A fence is a synchronization primitive that allows our application to get notified when submitted GPU commands finish, and even lets it blockingly wait for completion.
Also we have learned in the previous tutorials that GPUs can have multiple queues that can process GPU commands independently from each other. Sometimes a set of GPU commands on one command queue needs to wait for the completion of commands on another command queue.
A semaphore is a synchronization primitive that lets us express GPU -> GPU dependencies. A semaphore can prevent command buffers from getting executed until it is signalled.
For instance you can submit a command buffer to a queue, supply a semaphore for signaling on completion, and you can submit another command buffer on another queue and make it wait for this semaphore. Swapchain image acquisition and presentation also use semaphores for synchronization.
Let's look at our plan for the execution of rendering commands and presentation! This way we can identify what kind of synchronization primitives we need.
We need to request an image we can render to from the swapchain. The swapchain is going to give us an integer id, but the image may still be read from by the presentation engine. The way we can get notified whether the image is ready for rendering is a sync primitive. Either a semaphore or a fence.
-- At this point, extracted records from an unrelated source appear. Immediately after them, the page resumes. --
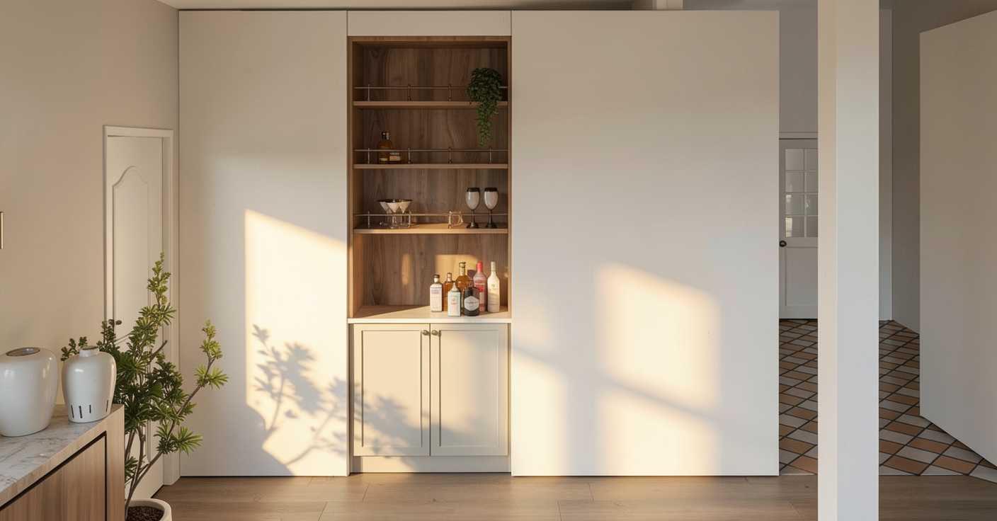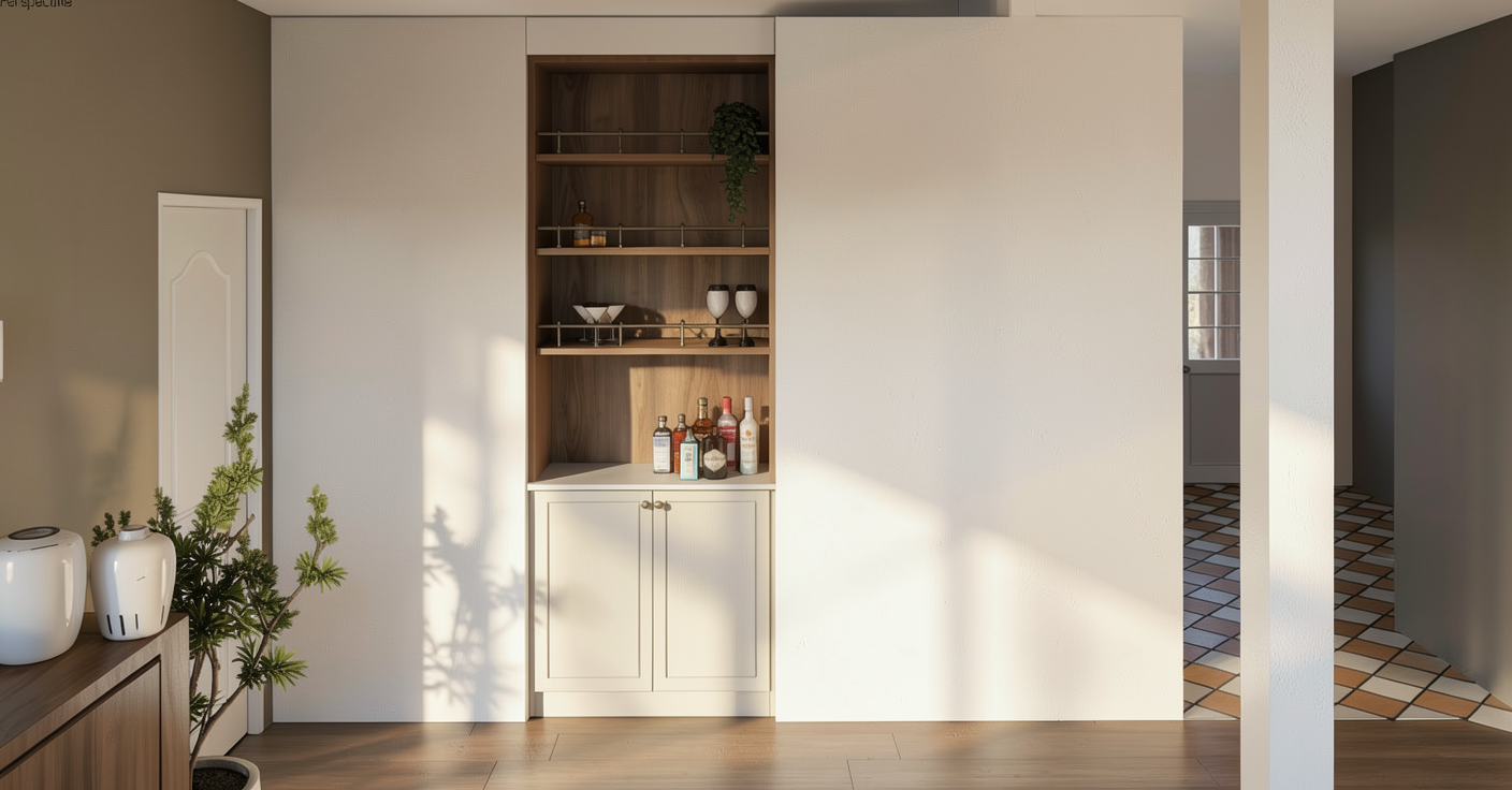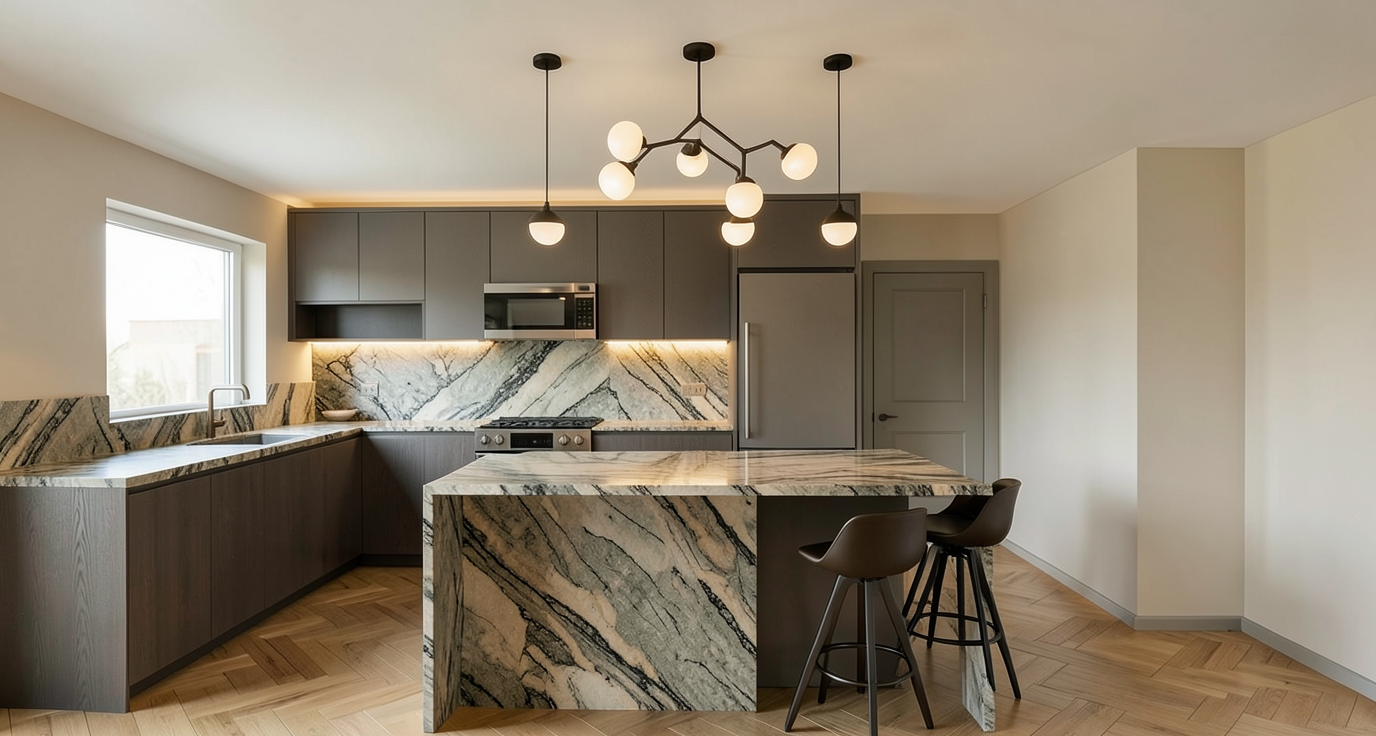 overall aesthetic warm contemporary minimalism everything is texture and proportion cabinetry flat front handle less doors throughout dark brown shinoki oak stone countertop dramatic bookmatched or large format slab grey cream marble with heavy movement island has a waterfall edge with thick profile same stone used for backsplash on the stove wall sink side does not have stone backsplash flooring wide plank herringbone hardwood warm honey light oak tone matte finish medium width planks fixtures square angular matte bronze or gunmetal faucet minimal spout 90 geometry lighting sculptural pendant branching arm in dark bronze black with opal globe shades in varying sizes artistic not symmetrical subtle under cabinet or recessed puck lighting on perimeter wall warm glow on backsplash color palette for rendering cabinetry warm greige ncs s 5010 y50r or benjamin moore rockport gray range floor warm light oak metal dark bronze antique brass matte
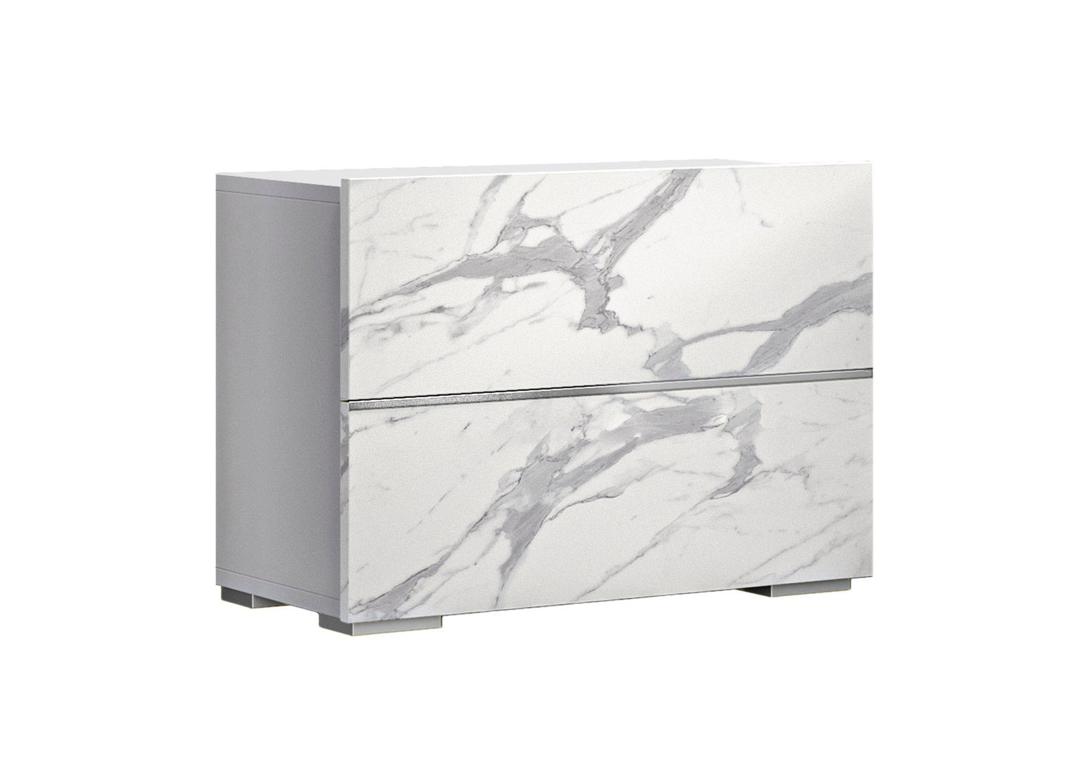 The Nina Bedroom collection by J&M Furniture is our answer to the popular demand for lavish oversize headboards. The Nina Bedroom, made in Italy, is designed to prominently display the headboard; every detail complements and accentuates it perfectly. The headboard is upholstered in a grey velvet, partitioned by chrome accents. The body of the bed and accompanying case goods are finished in a white high gloss lacquer. All case good also prominently feature a white and grey marble look finish, further elevating this collection’s overall appeal.
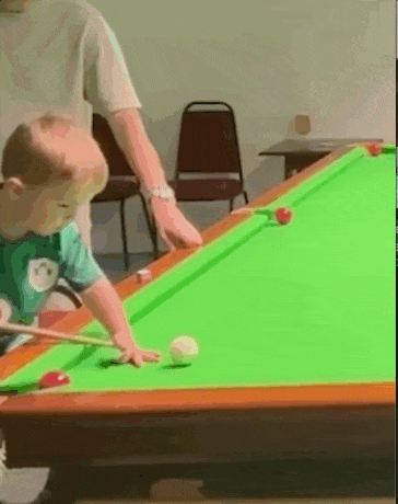 两岁半的时候,他完成了第一次击球,从此开始经常练习打球,虽然暂时还不能把斯诺克玩得很溜,但花式台球已经玩出了一些心得。

Once this is done, we want to record a command buffer for the requested frame, and submit it. First, we don't want to start rendering before the requested image is ready, so we want to make the GPU wait. Secondly, we don't want to reset the command pool while the GPU is still executing the command buffer, so we want to make the CPU wait.
Once rendering completes, we need to issue a present request for the newly rendered frame. We don't want to present the image before rendering finishes, so we want the present queue to wait.
To execute this we need the following sync primitives for a single frame:
- We need a semaphore that blocks rendering until the requested swapchain image is ready.
- We need a semaphore that blocks presentation until the submitted rendering commands finish.
- We need a fence that blocks the CPU from image acquisition and resetting the command pool until rendering finishes.
For multiple overlapping frames we follow the same principle as we did with command pools: for N frames we create N sets of these two semaphores and a fence. In this tutorial N is still the swapchain image count.
Now let's create our synchronization primitives, one triplet for each frame!
//
// Synchronization primitives
//
let mut frame_submitted = vec![false; frame_count];
let mut image_acquired_sems = Vec::with_capacity(frame_count);
let mut rendering_finished_sems = Vec::with_capacity(frame_count);
let mut rendering_finished_fences = Vec::with_capacity(frame_count);
for _i in 0..frame_count
{
// Image acquired semaphore
// ...
// Rendering finished semaphore
// ...
// Frame fence
// ...
}
We create our arrays of the three sync primitives. image_acquired_sems,
rendering_finished_sems and rendering_finished_fences. We also have the bool array
frame_submitted, to remember during rendering whether the current frame's resources are submitted.
We'll need this later and I will explain it there.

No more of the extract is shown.